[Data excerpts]
------------------------------------------------------------------------

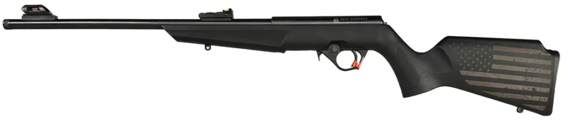 The Rossi RB22 Compact is a rimfire rifle chambered in .22 LR designed for portability and straightforward handling. It features a threaded 16.50″ barrel and a US flag synthetic fixed stock mounted on a black aluminum receiver. The rifle’s configuration and features make it suitable for range plinking, small-pest control and training new shooters.
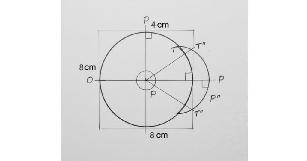 5. यह वृत्त बड़े और छोटे वृत्त को चार बिंदुओं पर काटेगा – इन्हें T, T′, T″, T‴ नाम दें।
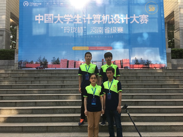 2017年4月21-23日,2017年(第10届)中国大学生计算机设计大赛河南省级赛在郑州大学举行。本次大赛共有全省36所高校的228件作品参赛。信息工程学院刘丽娟、余昭君老师指导冯世博、马永明和李项项作品“校园社交平台----携动人生”,参加本科组软件应用与开发类的比赛。三位学生经过技能测试、作品演示和现场答辩三个环节,最终获得三等奖。
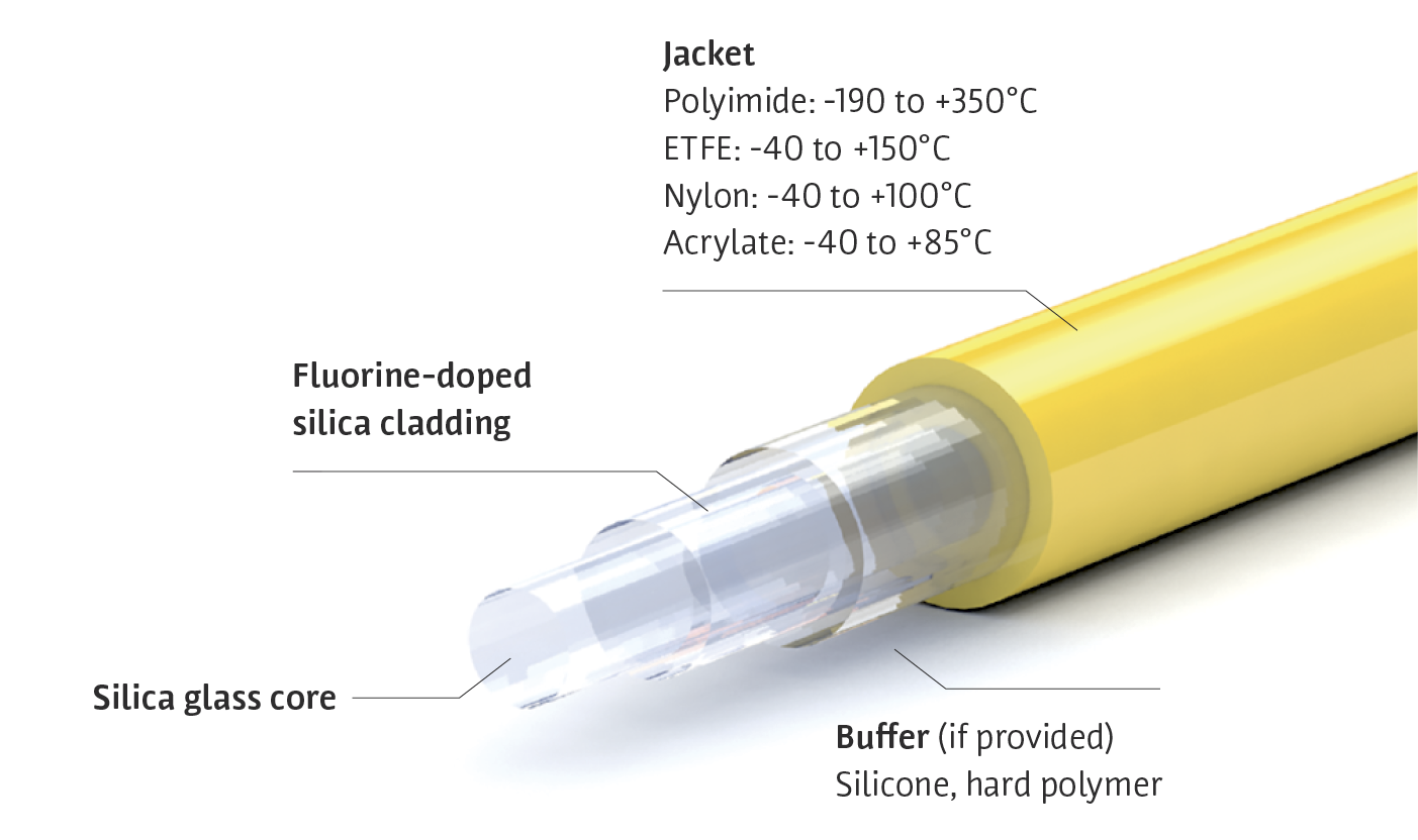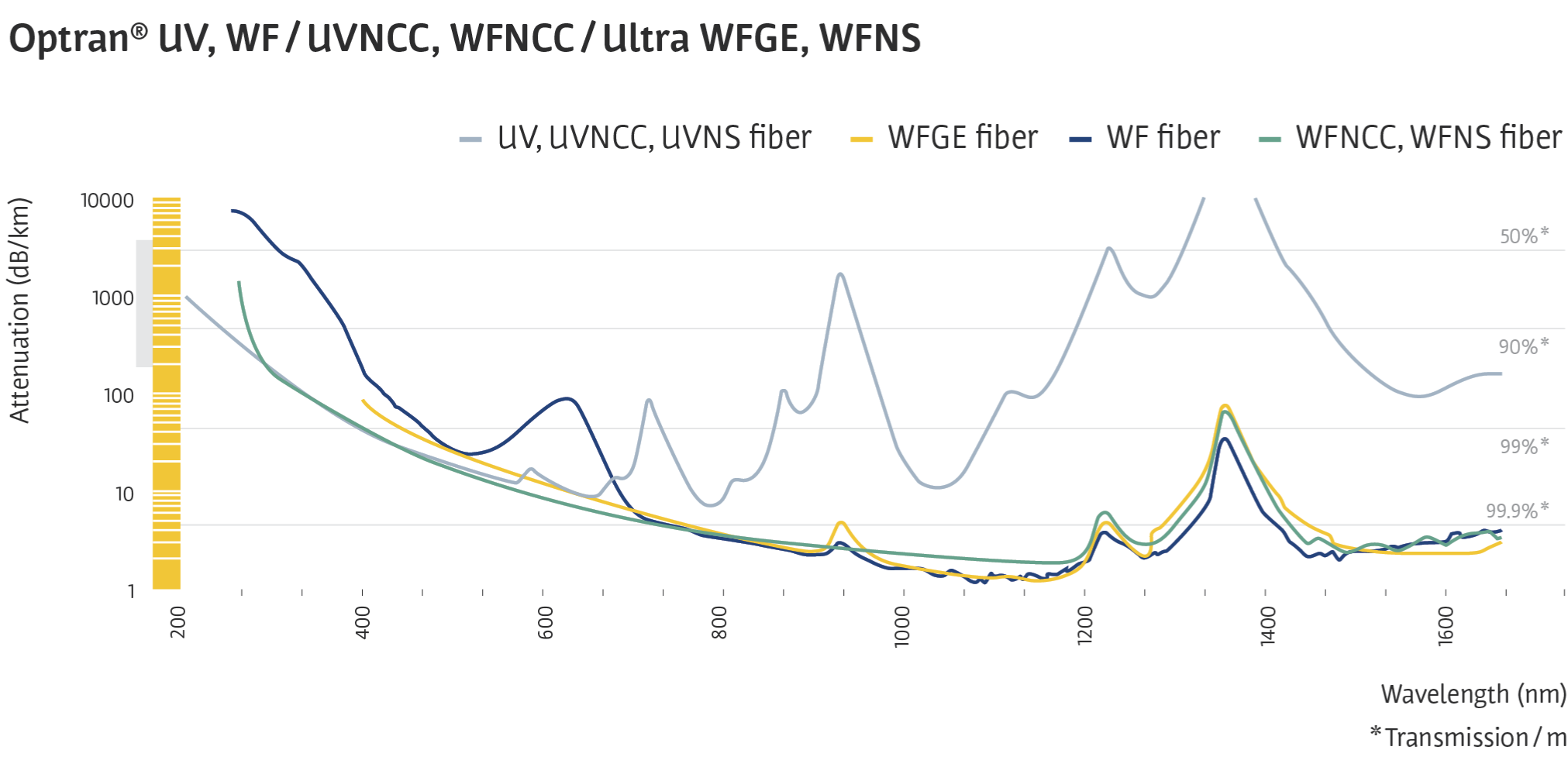 CeramOptec® 高品质的 Optran® UV 和 Optran® WF 光纤在深紫外到深红外范围内表现出色的性能和传输。凭借令人印象深刻的辐照抗性,Optran® UV 和 Optran® WF 是包括光谱学、汤姆逊散射和医学诊断在内的应用的理想选择。我们提供几种护套类型和尺寸的选择——以及根据您的规格定制设计的产品和尺寸。
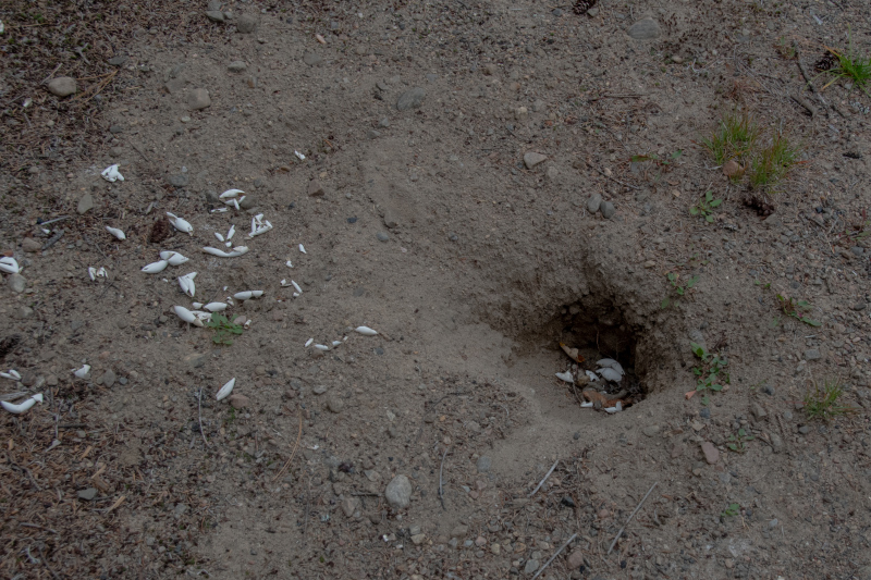 Another trail we took started out as an old road and then turned into a trail in the forest. At one spot, we saw some turtle nests. The nests were old and had been trashed by another animal. Most likely a fox or raccoon. We could see the egg shells scattered around.
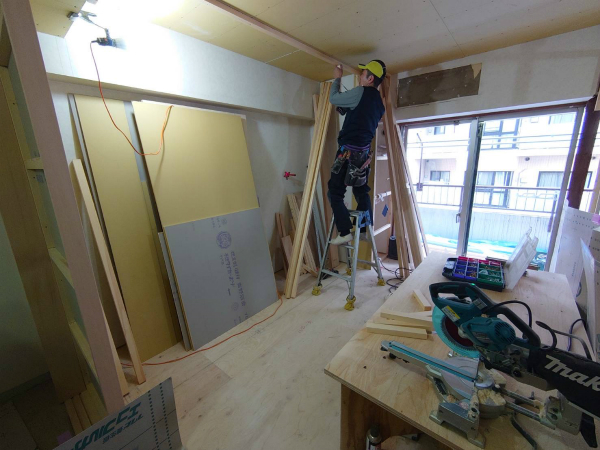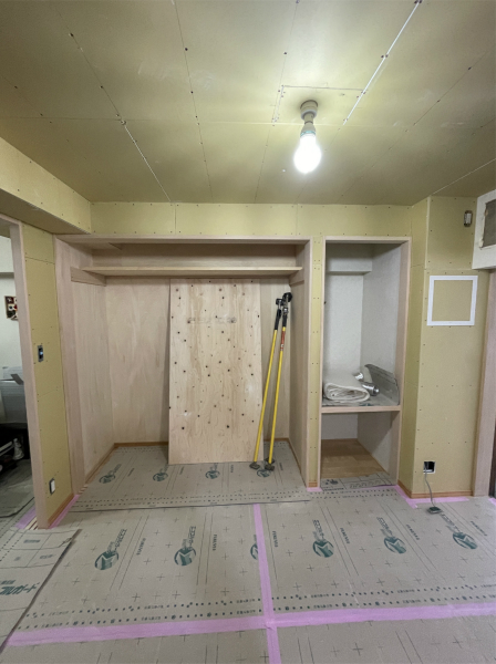 これで下地はほぼ出来上がりです。ここに建具などを取り付けて壁紙を張り、仕上げを行っていきます。仕上げの様子はまた次回ご紹介したいと思います。
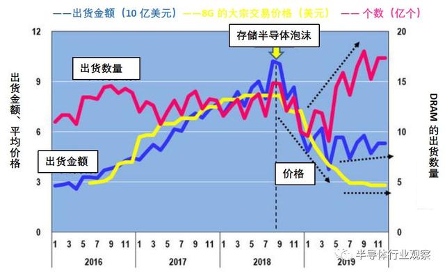 图3是2016年1月-2019年12月期间的DRAM的月度出货金额、出货数量、8G的大宗交易价格。此外,在今天的时间点,DRAM中8G是最大的容量,因此其价格多被当做DRAM的价格指标。本文,也以8G的价格为基础进行分析。
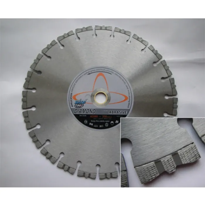 - Диамантен диск с подредени диаманти за мокро рязане на абразивни материали - асфалт, пресен бетон, пясъчник, огнеупорни тухли и др.
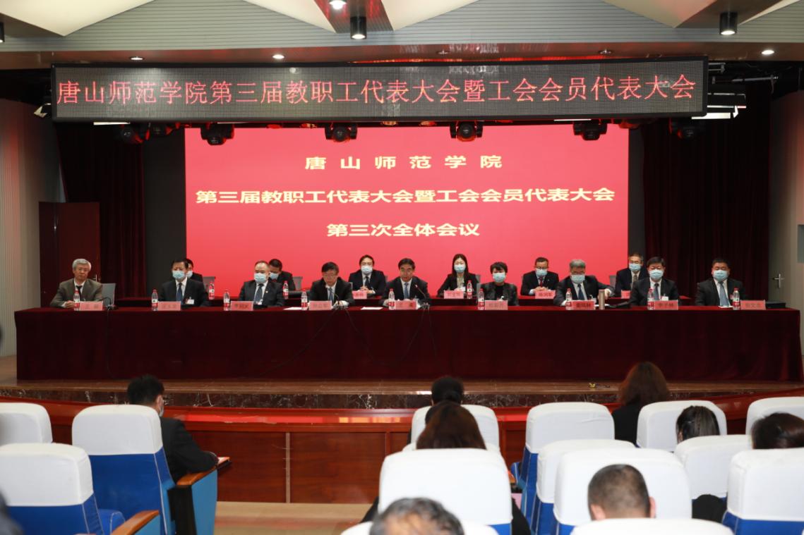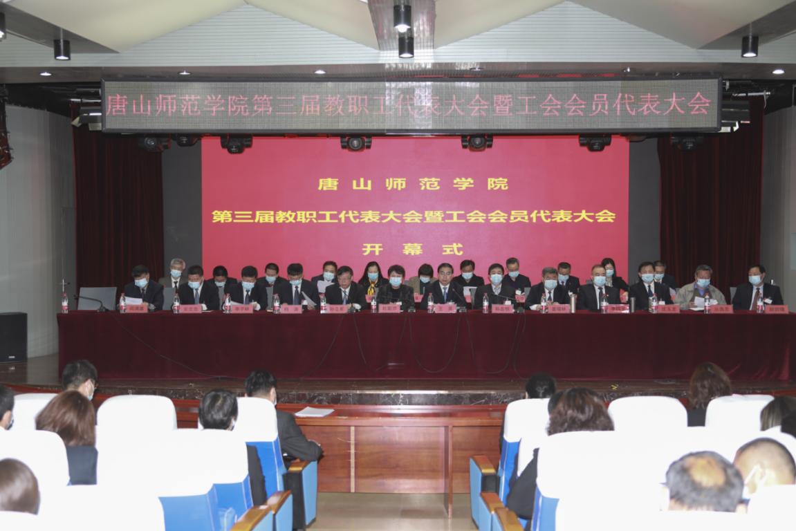 4月23日至24日,纽约国际官网第三届教职工代表大会暨工会会员代表大会在学校会议中心顺利召开。全体学校领导和唐山市教科文卫工会主席孙志恒,原纽约国际967线路测试院长丛选忠、原纽约国际967线路测试副院长阎满富出席大会,特邀嘉宾华北理工大学工会主席吴飞、唐山学院工会主席魏占学、唐山职业技术学院工会主席李静、唐山工业职业技术学院工会副主席安妍和大会主席团成员在主席台就座。大会由党委副书记孙立军主持。
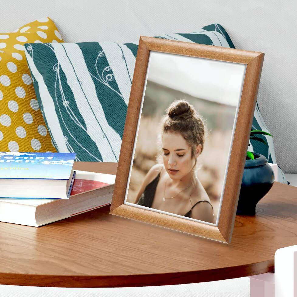 Nowoczesna fotoramka w brązowym kolorze o przekroju profilu 13x12 mm wykonana w 100% z drewna. Przeznaczona jest do oprawy fotografii, plakatów i dyplomów. W zależności od formatu wyposażona jest w szkło mineralne lub bezbarwne szkło organiczne - wysokiej jakości plexi. Plecki wykonane są z twardej płyty HDF. Ramki na zdjęcia do rozmiaru 18x24 cm dodatkowo posiadają stopkę / nóżkę która pozwala eksponować oprawiony obraz na biurku lub regale. Ramka drewniana TITI dostępna jest w rozmiarach od 10x15 cm do 40x50 cm.
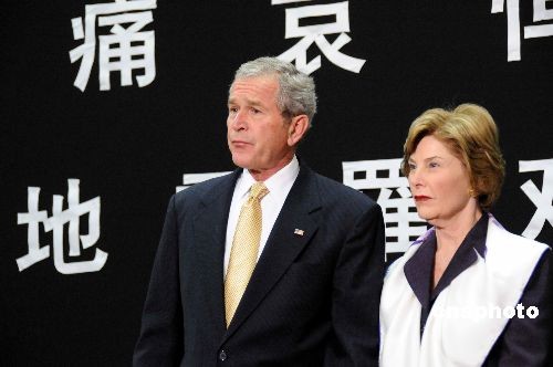 美國總統布什二十日一早來到中國駐美大使館,悼念中國四川大地震遇難者。圖為布什夫婦在周文重大使夫婦陪同下在中國大使館向地震遇難者默哀。中新社發 邱江波 攝
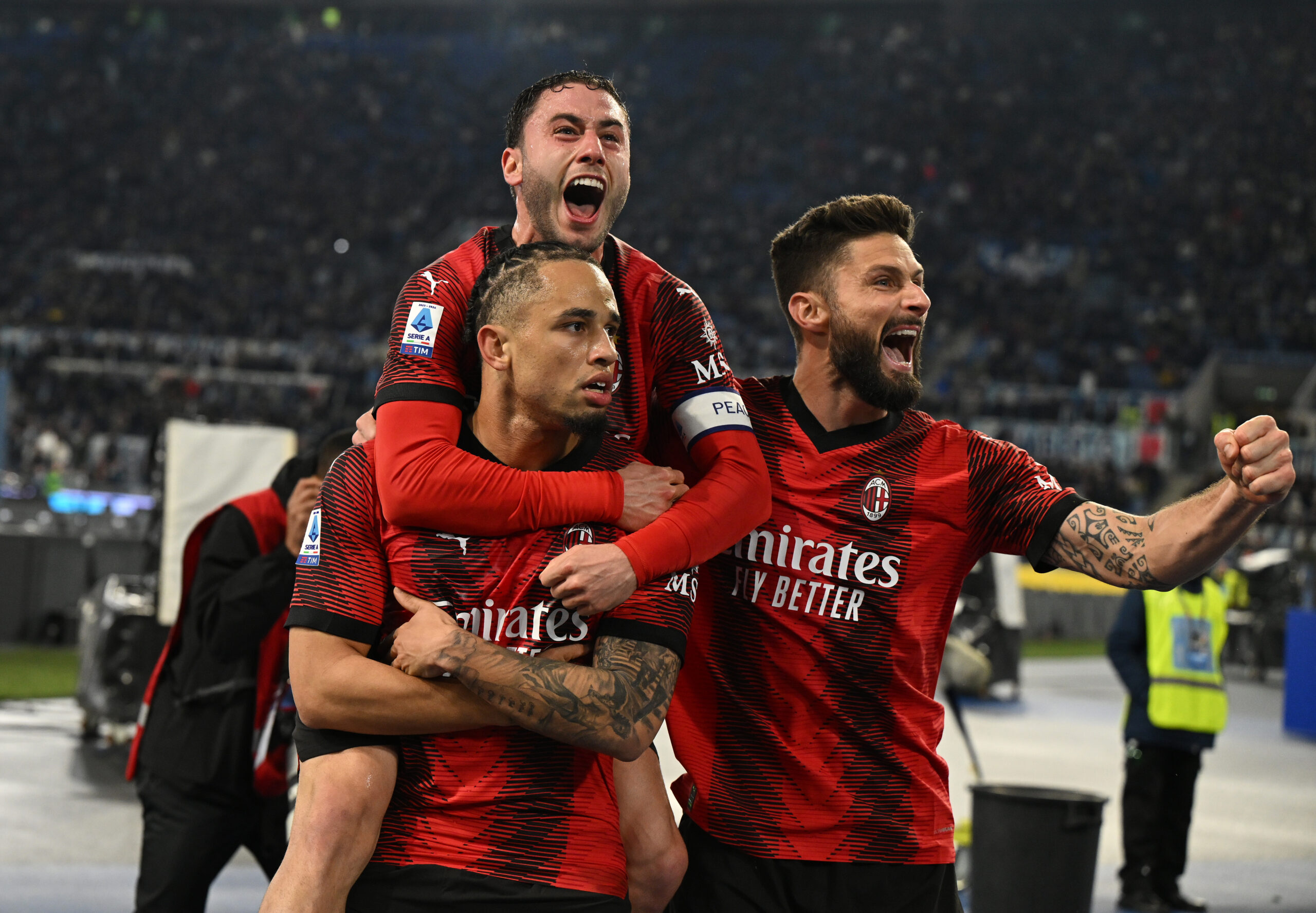ROME, ITALY - MARCH 01: Noah Okafor of AC Milan celebrates with teammates Olivier Giroud and Davide Calabria after scoring the goal during the Serie A TIM match between SS Lazio and AC Milan - Serie A TIM at Stadio Olimpico on March 01, 2024 in Rome, Italy. (Photo by Claudio Villa/AC Milan via Getty Images)

------------------------------------------------------------------------

PROBLEM: Repeat only the lines between the top of the entries above and the line containing "5. यह वृत्त", both ends included, without the pictures.

TASK SOLUTION:
 The Rossi RB22 Compact is a rimfire rifle chambered in .22 LR designed for portability and straightforward handling. It features a threaded 16.50″ barrel and a US flag synthetic fixed stock mounted on a black aluminum receiver. The rifle’s configuration and features make it suitable for range plinking, small-pest control and training new shooters.
 5. यह वृत्त बड़े और छोटे वृत्त को चार बिंदुओं पर काटेगा – इन्हें T, T′, T″, T‴ नाम दें।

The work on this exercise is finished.